0,1,2,3,4,5,6,7,8,9,10,11
,A,B,C,D,E,F,G,H,I,J,K
1.0,,,,,,,,,,,
2.0,,,Houses,Cars,Boats,,,,Houses,Cars,Boats
3.0,Beatles,,,,,,Rolling Stones,,,,
4.0,,John,1,5,9,,,Keith,2,6,10
5.0,,Paul,2,6,10,,,Mick,3,7,11
6.0,,George,2,7,11,,,Charlie,3,8,12
7.0,,Ringo,4,8,12,,,Ronnie,5,9,13
8.0,,,,,,,,,,,


Observation,Band,Asset,Member,Is a Beatles Singer
1,Beatles,Houses,John,True
5,Beatles,Cars,John,True
9,Beatles,Boats,John,True
2,Rolling Stones,Houses,Keith,False
6,Rolling Stones,Cars,Keith,False
10,Rolling Stones,Boats,Keith,False
2,Beatles,Houses,Paul,True
6,Beatles,Cars,Paul,True
10,Beatles,Boats,Paul,True
3,Rolling Stones,Houses,Mick,False





## A Note On Design

There is not (and never will be) any version of a "vertical condition" in datachef.

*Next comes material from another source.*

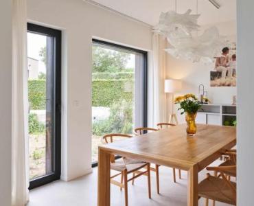Dankzij de grote ramen baadt deze eetruimte de hele dag in natuurlijk licht. Het slanke zwarte raamprofiel voegt een modern accent toe, maar blijft subtiel genoeg om het uitzicht en de lichtinval niet te verstoren. Hierdoor komt het buitenzicht volop tot zijn recht en ontstaat een sfeervol lichtspel. Het resultaat is een warme, uitnodigende plek waar het gezellig tafelen is.

When working with datasets of unknown length we try to always support (or at least leave open the door to) the concept of data streaming, a horizontal condition meets that criteria as it works within the context of a single "tidy row" of "tidy data" so can be iterated, streamed or potentially even distributed for processing relatively easily - none of which works if row 5 is informed by row 4 etc.

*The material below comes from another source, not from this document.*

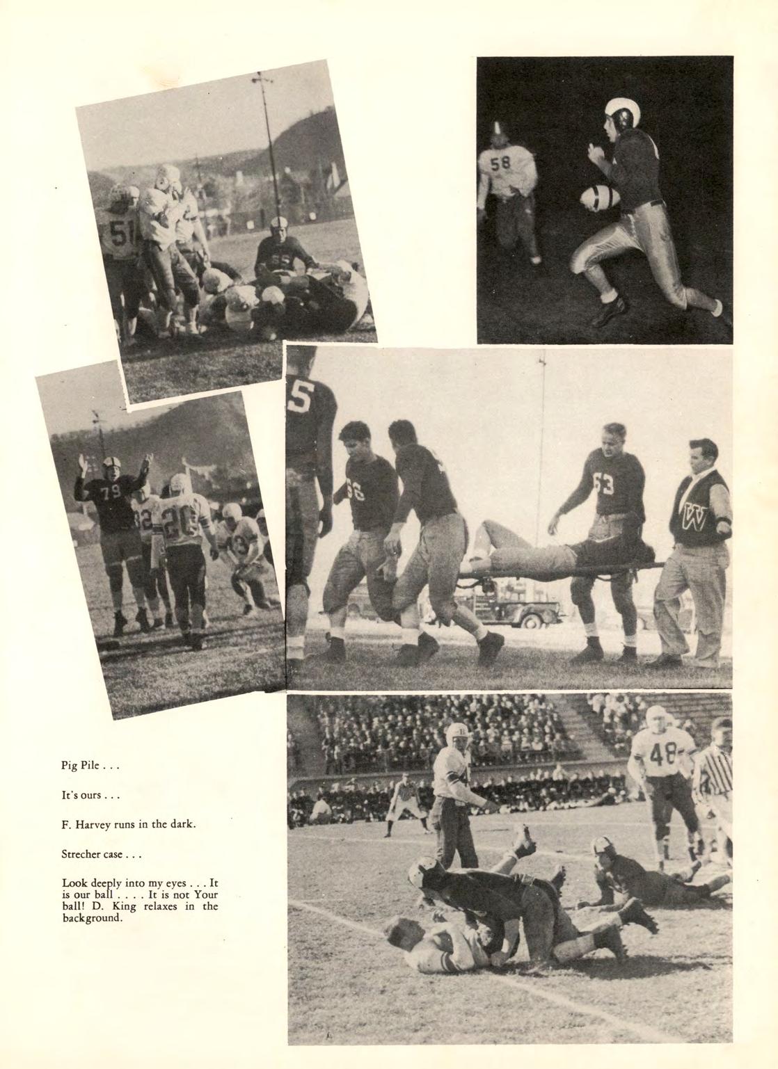 After an opening 6-0 victory over St. Mary’s Redmen, the Warriors were “warriors” in name only as they failed to win a remaining game. They managed to stage a mild upset by tying the Moorhead team 20-20. But aside from these two games, things were pretty blue for the rest of the season. One bright spot in the football picture is the fact that only six lettermen graduate from the squad. They are: Don Judd, Dan Besser, Pinky Bennett, Dave Todd, Daud King, and George Sanstede. Improvement is the word for the coming seasons.

If you find yourself needing to lookup vertically into your extracted columns:

- (a) Stop and think about it, is there another way to skin this cat?
- (b) Are you really trying to create tidy data or are you trying to create something else?
- (c) If you need to - then just shunt it into pandas for post processing, you're working on a data series and that's not a paradime datachef was built to support.